We may see here too how deftly the Normans used their axes in carving the chevrons, the sunflowers, and the other rich ornaments of the doorway which also has two medieval sundials on the other side. To right and left above this door are the narrow round windows of the same age. The chancel was lengthened and the solid tower added 600 years ago. It was only in our own time that the roof of the chancel and the nave were revealed, and both are splendid examples of timber work of five hundred years ago.

The village has a pathetic memory of the bitter days of Mary Tudor’s reign. There lived here a family of three, William Munt, his wife Alice, and their daughter Rose, who belonged to a little group of people who used to gather together to read the Bible. There was a Judas among them, a priest named Thomas Tye, who left the group and reported its practices to Bishop Bonner.
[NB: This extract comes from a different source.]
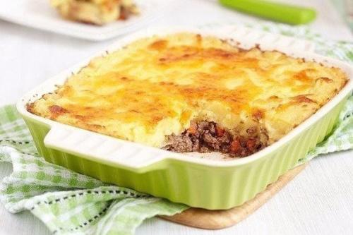 6. смазать форму для выпекания сливочным маслом. Выложить фарш, сверху картофельное пюре.

The agents of the torturers met Rose Munt and tried to shake her faith by putting her hand in a candle flame, but Rose declared that if she were compelled to burn she would be given the strength to bear it. William and his wife were over 60, but Rose was 20, yet when the three were thrown into prison she went there singing. In their death this little family was not divided, for all three were burnt together in Colchester.